Возвращаясь из Испании, я больше думал не о врагах, а о друзьях. Я, например, радовался тому, что снял с души Брута тревогу по поводу того, встречу ли я его сердечно, или нет. Он, конечно, не думал, что я с одобрением отнесусь к его женитьбе. Если бы ко мне обратились за советом, я был бы категорически против этого брака. Но, хотя меня и избрали цензором, я не Сулла, который имел обычай указывать, кому на ком жениться и кому с кем разводиться. Брут женился, вероятно, по любви, потому что никакой политической выгоды в браке с женщиной, вся жизнь которой прошла в обществе самого злейшего моего врага, так как Порция дочь Катона и вдова Бибула, не было. Трудно найти в Риме другую такую женщину, которая выслушала на своём веку столько самых мерзких и бесконечных проклятий в мой адрес. Думаю, Брут был приятно удивлён и почувствовал облегчение, когда я сказал ему, что не держу зла на мёртвых — это не в моих привычках — и что я желаю ему счастья в его супружестве. Но сомневаюсь, что Брут обрёл это счастье. Позднее он показался мне ещё более угрюмым, чем обычно.

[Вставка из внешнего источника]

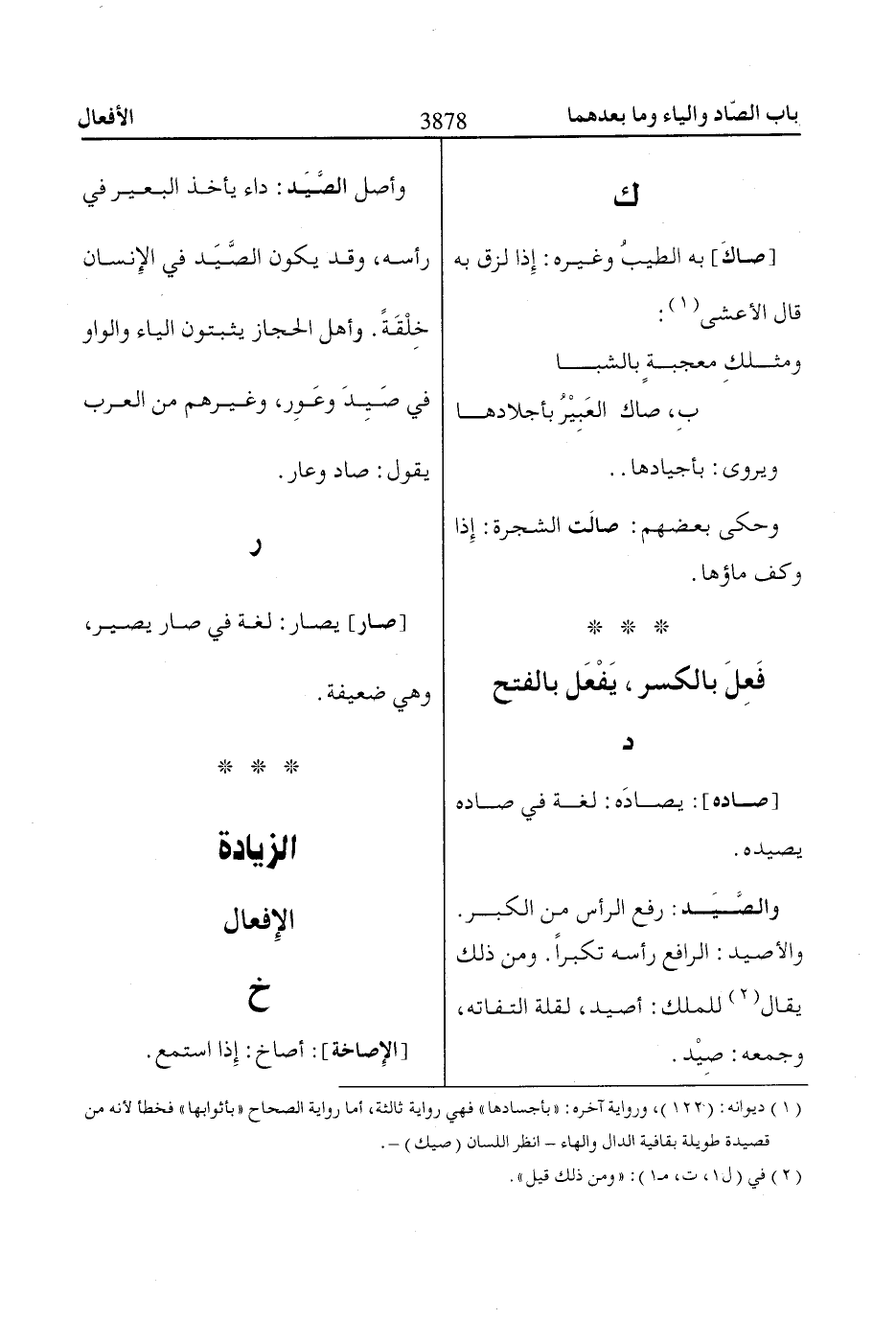 وأصل الصَّيَد: داء يأخذ البعير في رأسه، وقد يكون الصَّيَد في الإِنسان خِلْقَةً. وأهل الحجاز يثبتون الياء والواو في صَيِدَ وعَوِر، وغيرهم من العرب يقول: صاد وعار.

Вскоре после этой беседы с Брутом в провинции я снова отправился в Италию. Но до своего отъезда я сам сделал необходимые распоряжения о том, чтобы два моих легиона ветеранов получили изрядные наделы земли. Шестой легион я наделил землями, конфискованными у массилийцев. Десятый также расположился в Нарбонской провинции. В живых осталось совсем немного из тех ветеранов, кто выступал против гельветов и Ариовиста. Гай Крастин и многие другие похоронены на равнине возле Фарсала. Ещё больше полегло при Мунде. Мои ветераны старели, и с ними всё труднее было иметь дело. А я, достигнув всего, чего только человек может пожелать себе, снова должен идти сражаться. И мне их будет не хватать.
Глава 14
ЗАКЛЮЧЕНИЕ
Со времени моего возвращения из Испании я провёл в Италии меньше года и только последние несколько месяцев в Риме. Мой триумф, состоявшийся в ту осень, был довольно роскошный, хотя и не на том уровне, что четыре предыдущих. Предлагалось много развлечений для публики, и хотя ничего такого захватывающего типа большого морского сражения на искусственно созданном озере не было, зато состоялись замечательные травли диких зверей, в которых оказались убиты четыреста львов, и впервые в Риме выставили напоказ жирафа. Эти зрелища и развлечения, на которых я чаще всего должен был присутствовать (хотя меня ожидали дела гораздо более важные), напомнили мне о тех довольно далёких днях, когда я служил эдилом вместе с Бибулом и, одолжив крупные суммы денег, устроил такие представления, каких Рим никогда прежде не видел, и закончил их рискованным делом: восстановил запрещённые в то время памятники Марию. Тогда я впервые услышал, как толпы людей с энтузиазмом и восторженным изумлением кричат имя «Цезарь», и воспарил духом. Сейчас такие приветственные возгласы звучат каждый день, и, если случится, что я в чём-то не проявлю своего сверхчеловеческого величия или щедрости, люди сочтут себя обманутыми. Они вознесли меня на такую высоту, которая труднодоступна для любви, но вполне доступна для зависти. Я буду чувствовать себя гораздо счастливее среди моих солдат. А что касается римлян, то я сомневаюсь, что когда-нибудь снова смогу пробудить в них неподдельный экстаз, разве что после моей смерти.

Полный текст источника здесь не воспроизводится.